23. The undersigned Defendant has worked around the clock to bring

about the evidence in support of each of the foregoing allegation. In addition, the court will be provided evidence of several additional acts far greater that what is described herein including, “clear and convincing evidence that these actor intentionally, and with reckless disregard for the truth perpetuated fraud on the honorable Judge Schemer so repeated, so vagarious as to their bad faith and corrupt motives, to the point that the court became prejudice in adjudicating this action.

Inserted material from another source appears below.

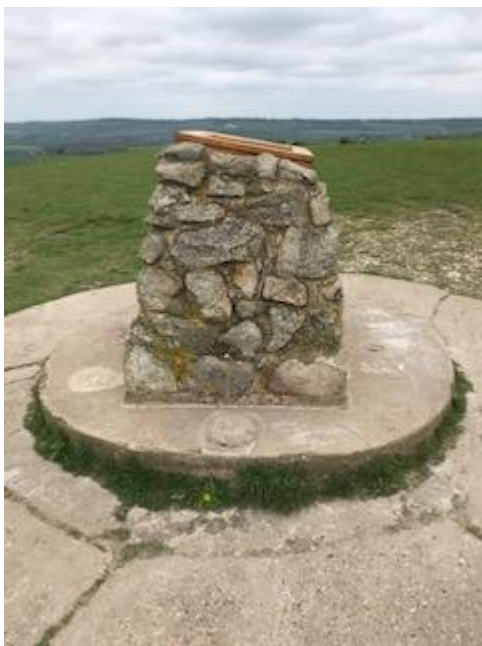
Sightseeing Chart on Ivinghoe Beacon

24. The undersigned does not seek any financial restitution, rather

criminal prosecution against the perpetrators should the court find that these actors are guilty of malicious attempts to subvert the administration of justice, and commit fraud on the very institution they seek protection from their odious conduct. No fraud is more odious than an attempt to subvert administration of justice Hazel-Atlas Glass co. v, Hartford-Empire Co. 322 U.S 238 (1944).

WHEREFORE: Based on the clear and convincing evidence described herein above, the undersigned Defendant respectfully request that this court find:

a. Appoint an independent examiner to investigate the conduct of the Receiver and provide the court with his findings.

b. Enter an order to disqualify the Receiver and his counsel for intentional omission of their monumental conflict.